O projeto idealizado e concluído pela pianista Eudóxia de Barros e intérpretes convidados, a abordar segmento preciso da obra de Osvaldo Lacerda, é meritório e dá continuidade a integrais para piano de compositores como Heitor Villa-Lobos empreendidas pelos pianistas Anna Stella  Schic, Arthur Moreira Lima, e mais recentemente, Sônia Rubinsky. Outros autores brasileiros com produção mais reduzida já foram contemplados, sempre a ter um só pianista.

Continuo um adepto das integrais compartimentadas em segmentos, no caso específico, o piano. Fi-lo em recitais ao apresentar as integrais de Jean-Philippe Rameau (1683-1764), Claude Debussy (1862-1915), Modest Moussorgsky (1840-1881) e Francisco de Lacerda (1869-1934), sendo que apenas gravei a integral de Rameau e obras relevantes dos outros três. Entendo que, para um estudioso, a integral indica o melhor caminho para o entendimento de todos os processos criados por um compositor. Essa assertiva ratifica a necessidade imperiosa de um debruçamento sobre o pensar de um criador. A leitura das missivas de um compositor tem fundamental importância. Tantos deixaram quantidade apreciável nesse mister. Estudos analíticos paralelos relacionados à obra, escritos por especialistas com amplo conhecimento do que se passa numa partitura, merecem constantes visitas, pois corroboram a compreensão fundamental que leva à interpretação consciente.
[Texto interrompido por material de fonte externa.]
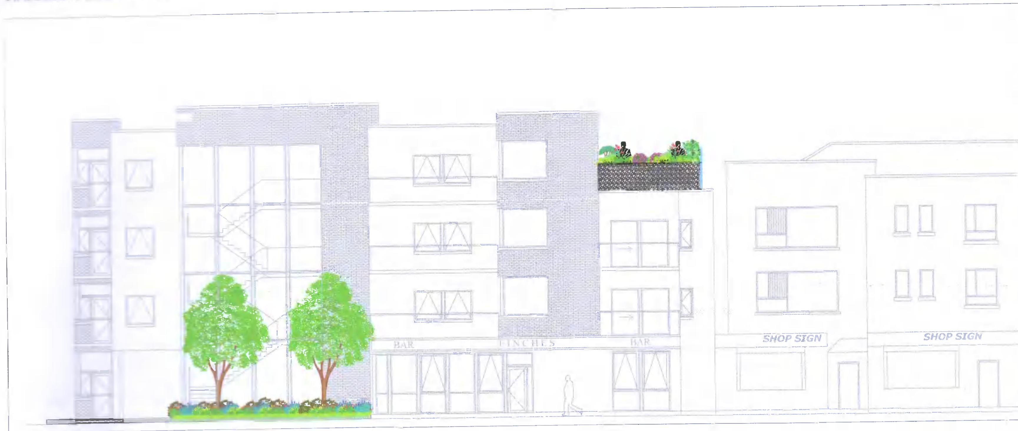
Western Elevation Scale 1:100
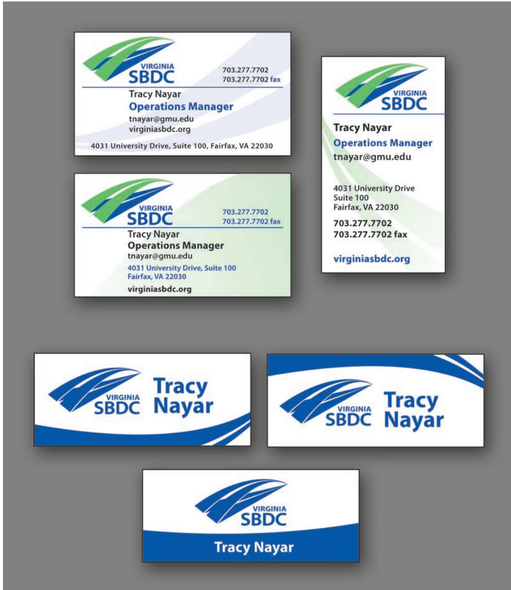
Layouts for new business cards and name tags using the newly designed VASBDC logo.
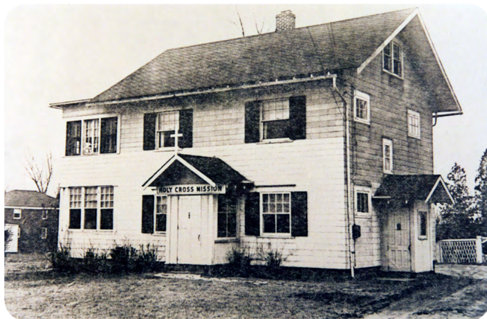
The house used as the mission church and catechetical center, 1943
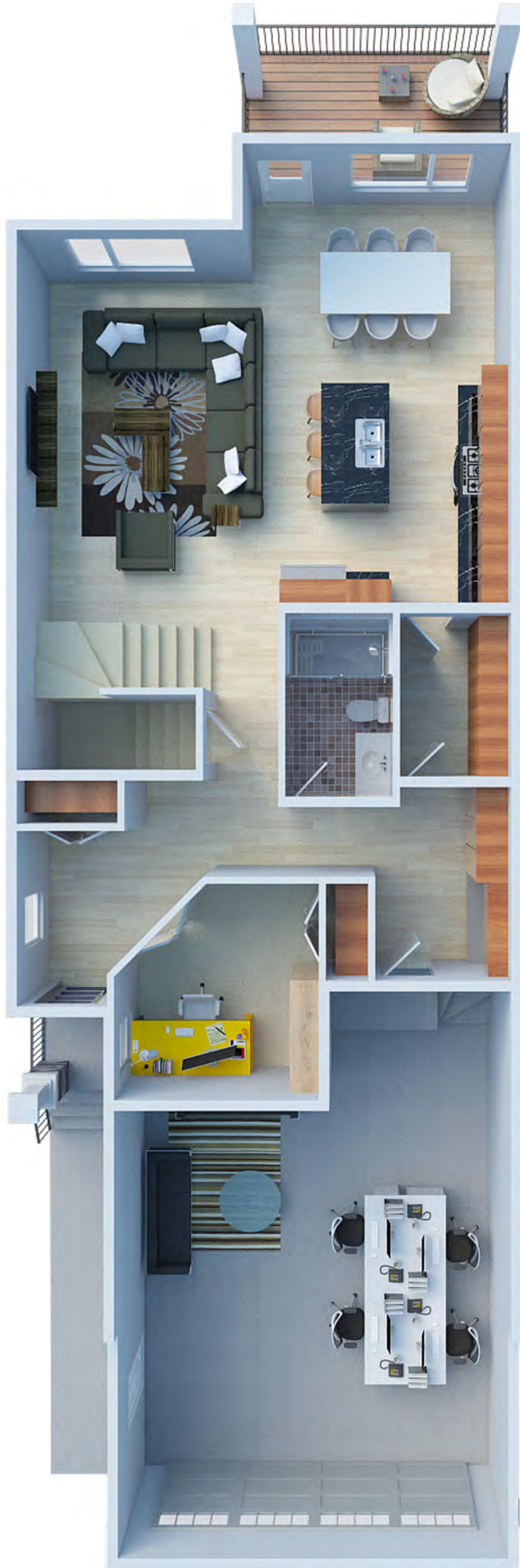
MAIN FLOOR 981 SQ. FT.
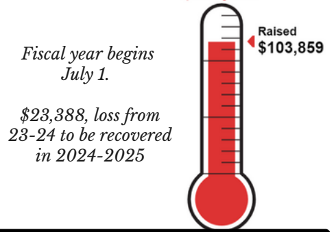
2023-2024 Total Raised

We anticipate that 2024-2025 fundraising needs will decrease due to the Lord's provision of increased enrollment
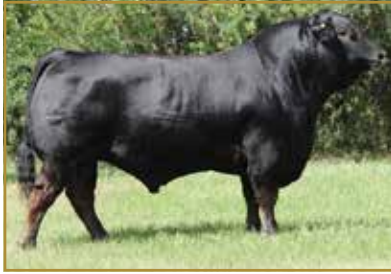
B Bar Soot 25B
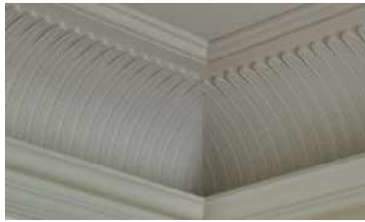
Custom Plaster Mouldings
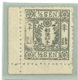
Plate 1 Pos. 33
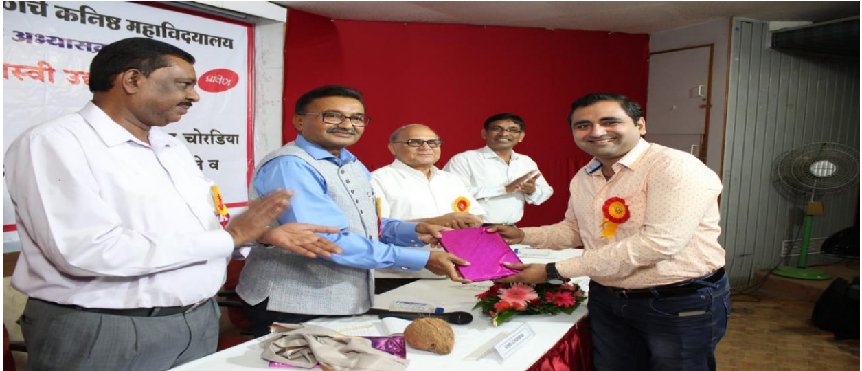
Dignitaries at the workshop conducted on "Sustainable Agrotourism Opportunities and Challenges"
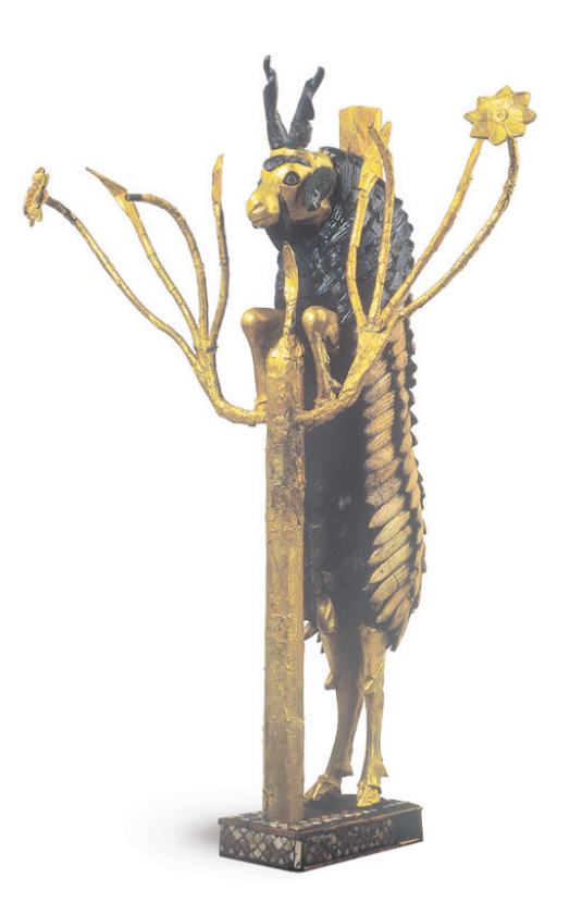
▲ This gold and lapis ram with a shell fleece was found in a royal burial tomb.

Sumerians built impressive ziggurats for them and offered rich sacrifices of animals, food, and wine.
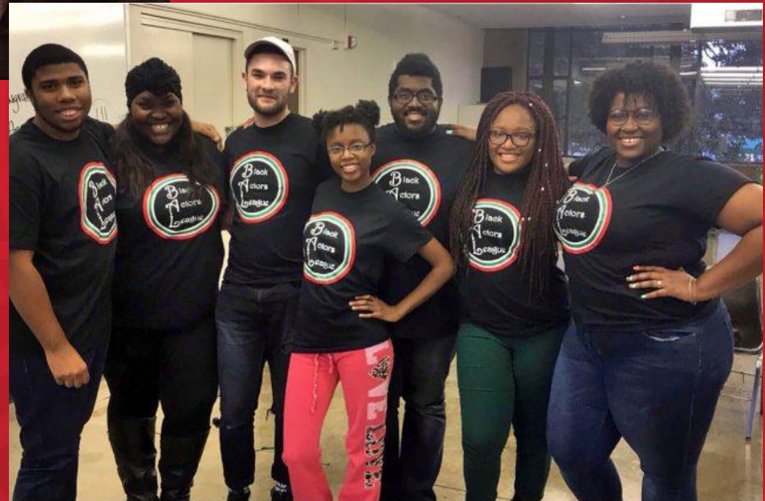
The Black Actors League (RSO)
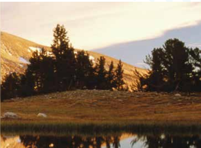
Image without cataracts
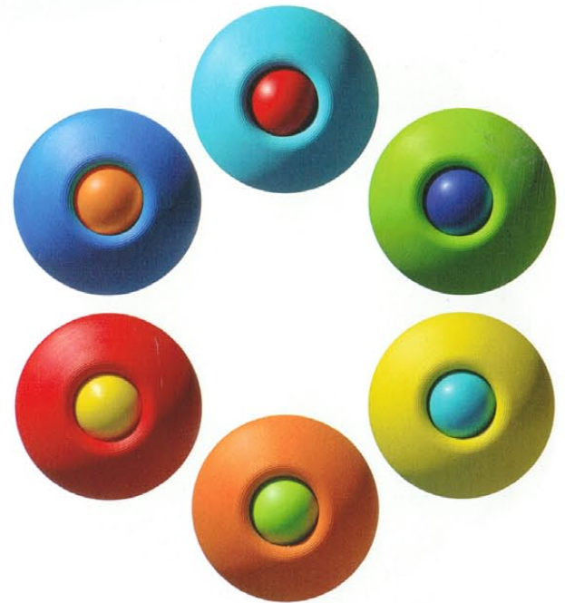
- 2 -
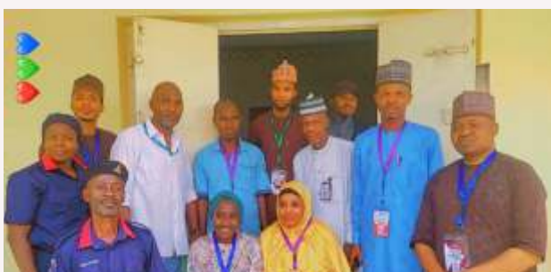
Examination Officers at AMLAK TECHNOLOGY, CBT CENTRE, GUSAU, ZAMFARA STATE.
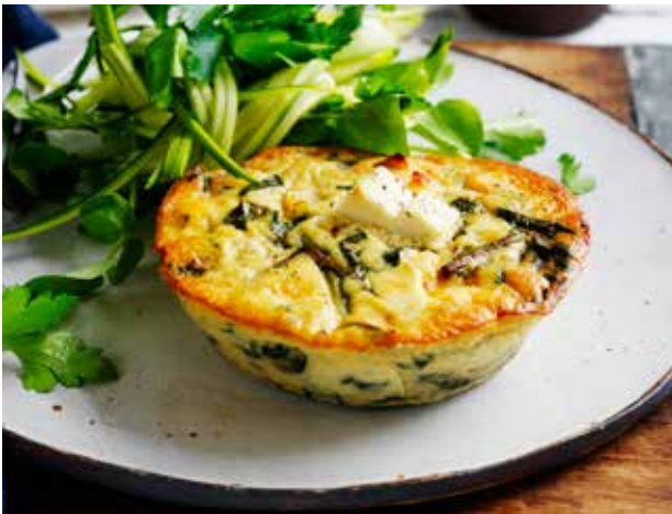
Spinach & Feta (V)
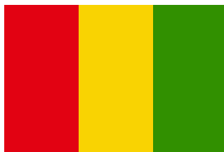
The Flag of the Kingdom of Rwanda (1962)

In 1962 the Kingdom of Rwanda finally gained full independence from Belgium and a red-yellow-green vertical tricolour was adopted. In the same year a large R was placed in the centre of the yellow border.
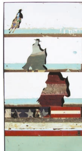
ONCE UPON A TIME IN THE WEST MIXED MEDIA 56x103cm
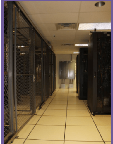
5NINES DATA CENTER
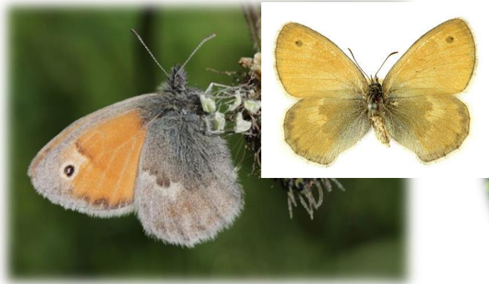
Small heath ( Coenonympha pamphilus )

This post resumes the subject of the previous week, contrasting the terms “opera omnia” of a composer (a collection of all his works) with “selected works” (those selected by some criterion, such as the instrument for which they have been written). Though in my view the opera omnia does not sort out works of less importance, it is significant to shine a light on the very nature of a composer’s creative process.